I’ve been trying to figure out how to remove HTML code from text. This script I found work pretty well on every example of text I plug into except for the one example I need it to work with.

set theText to "Rio Yamasaki stars in this new release. Great for fans of <a href=\"/search/glasss_girl\">meganekko</a>."
set {od, AppleScript's text item delimiters} to ¬
	{AppleScript's text item delimiters, "<"}
set theText to text items of theText
set newText to ""
set AppleScript's text item delimiters to ">"
repeat with anItem in theText
	set newList to text items of anItem
	if (count newList) > 1 then
		set newText to newText & text item 2 of newList
	end if
end repeat
set AppleScript's text item delimiters to od
newText

This script should output “Rio Yamasaki stars in this new release. Great for fans of meganekko.” hopefully, but instead it just gives me “meganekko.” Can anyone help me tweak it? Every time I change something I break it. :slight_smile: What is it about my script that only what’s after the first a href link will be picked up?

Hi,

there’s a very smart way to convert html to text using the shell textutil command.
The only disadvantage is, textutil can only read data from a file on disk, so a temporary file has to be created.

The script takes your sample line, writes it to disk, converts the html code to text and removes the temp file.
You can also test to read some html code from a web site, just set the sampleText property to false


property sampleText : true -- set to false to read an example from epguides.com

set temp to ((path to temporary items as Unicode text) & "html_test.txt")
set Ptemp to quoted form of POSIX path of temp

if sampleText then
	-- either create a sample text file
	set theText to "Rio Yamasaki stars in this new release. Great for fans of <a href=\"/search/glasss_girl\">meganekko</a>."
	set ff to open for access file temp with write permission
	write theText to ff
	close access ff
else
	-- or read a web page with curl
	do shell script "curl http://epguides.com/ATeam/ -o " & Ptemp
end if
-- convert html to txt
do shell script "textutil -format html -inputencoding iso-8859-1 -convert txt -encoding UTF-16 " & Ptemp
set theText to paragraphs of (read file temp as Unicode text)
do shell script "rm " & Ptemp -- delete tempfile

theText


Oh, excellent. Thank you very much, this works great!

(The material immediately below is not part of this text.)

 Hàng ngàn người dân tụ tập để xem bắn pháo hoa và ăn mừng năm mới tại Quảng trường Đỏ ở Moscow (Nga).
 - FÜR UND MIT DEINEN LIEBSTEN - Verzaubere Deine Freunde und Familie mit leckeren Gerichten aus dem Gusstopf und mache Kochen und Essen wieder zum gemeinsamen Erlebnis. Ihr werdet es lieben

Hmm, small issue. I’m trying to use this from inside Filemaker Pro 9 Advanced, and it’s giving me errors when I try to use the script, or compile it when pasting it into a “perform applescript” script step. The exact script I’m using is below, and it works perfectly when run from the script editor. However, it refuses to compile in FMpro, showing “Expected end of line, found identifier” at the word “theText” in “write theText to ff”. If I comment this line out, it then complains about the word “file” in “set theText to paragraphs of (read file temp as Unicode text)”. Is there anything about the script that would make Filemaker refuse to work with it even though it fundamentally works?

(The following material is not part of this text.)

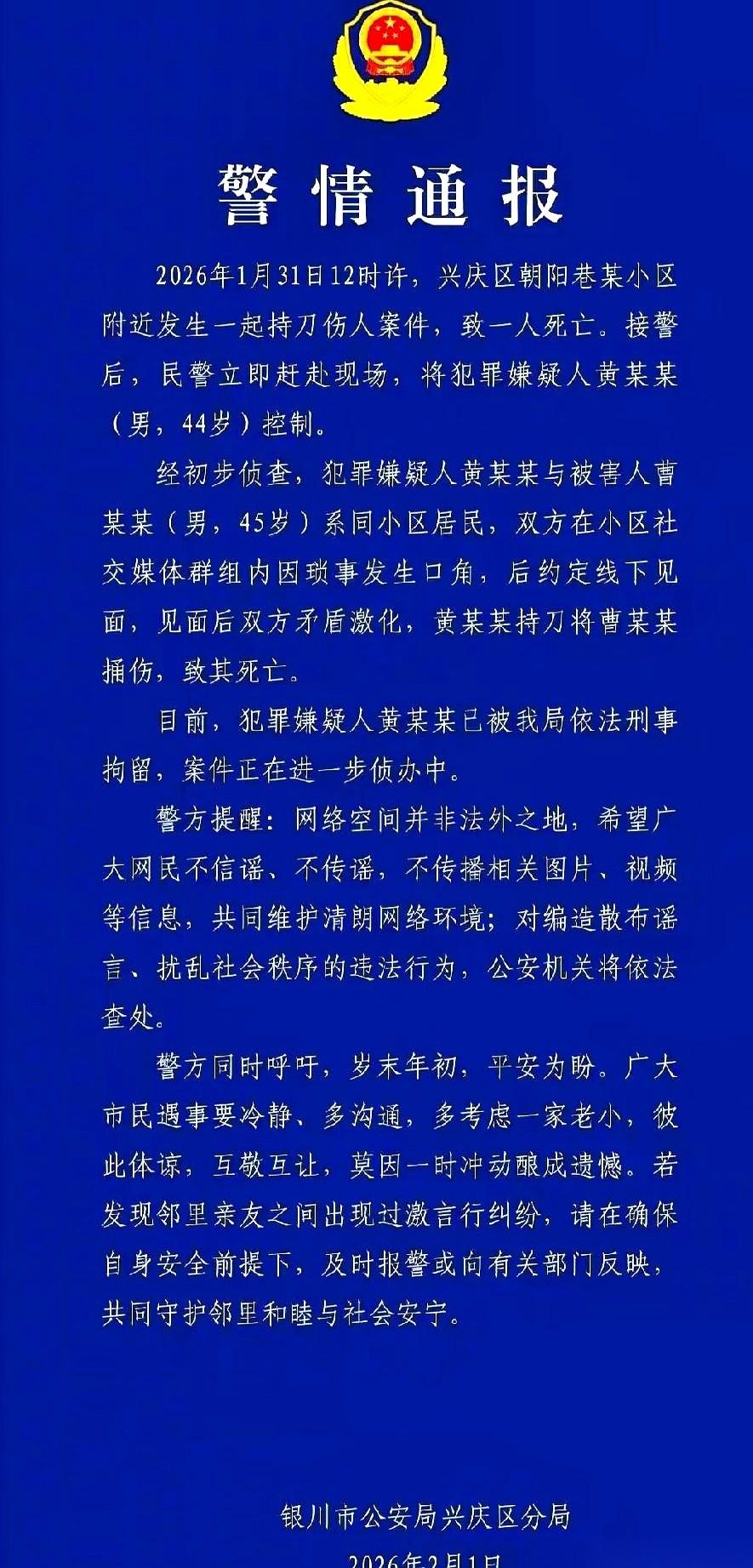 就因为在小区群里吵了几句嘴, 楼下,一个人把另一个人捅死了。 我到现在手都是凉的。 两个大男人,多大点事儿啊?值得你死我活? 线上对喷不解气,还非要约到楼下“真人快打”。 结果呢?一个奔黄泉,一个奔铁窗。 两个家庭,瞬间就塌了。 说白了,就是那点破面子。 网上吵架,谁也不服谁,都觉得自己是天王老子,键盘敲得山响。 下了网线,那股“气”还没卸下来,非要在线下分个高下。 最让人发冷的是什么? 是那个带了家伙的人。 这说明他出门的时候,就已经把“解决问题”的选项,换成了“解决掉人”。 怒火上头的那一刻,他不是在吵架,他是在玩命。 各位,真的,咱都是普通人,过日子的。 网络不是法外之地,现实更不是丛林。 别为了一时之气,赌上一辈子。 隔着屏幕能要你命的,从来不是那几句难听的话,是你自己的脾气。

property sampleText : true -- set to false to read an example from epguides.com
set temp to ((path to temporary items as Unicode text) & "html_test.txt")
set Ptemp to quoted form of POSIX path of temp
if sampleText then
	-- either create a sample text file
	set theText to "Got some great new manga for you today, with the gorgeous<a href='/search/mogudan'>Brave Soul</a> artist Mogudan. "
	set ff to open for access file temp with write permission
	write theText to ff
	close access ff
else
	-- or read a web page with curl
	do shell script "curl http://epguides.com/ATeam/ -o " & Ptemp
end if
-- convert html to txt
do shell script "textutil -format html -inputencoding iso-8859-1 -convert txt -encoding UTF-16 " & Ptemp
set theText to paragraphs of (read file temp as Unicode text)
do shell script "rm " & Ptemp -- delete tempfile
try
	set the clipboard to (theText) as string
on error errMsg
	display dialog errMsg
end try

You were on the right track. All you were missing was the else clause added below. This implementation assumes that you don’t care if individual less than and greater than signs (not part of HTML tags) are stripped out as well.

set theText to "Rio Yamasaki stars in this new release. Great for fans of <a href=\"/search/glasss_girl\">meganekko</a>."
my stripHTML(theText)

on stripHTML(theText)
	set newText to ""
	set {oldDelim, AppleScript's text item delimiters} to {AppleScript's text item delimiters, "<"}
	set theText to text items of theText
	set AppleScript's text item delimiters to ">"
	repeat with anItem in theText
		set newList to text items of anItem
		if (count newList) > 1 then
			set newText to newText & text item 2 of newList
		else
			set newText to newText & anItem
		end if
	end repeat
	set AppleScript's text item delimiters to oldDelim
	newText
end stripHTML

Excellent, thanks very much for the tip! Works great!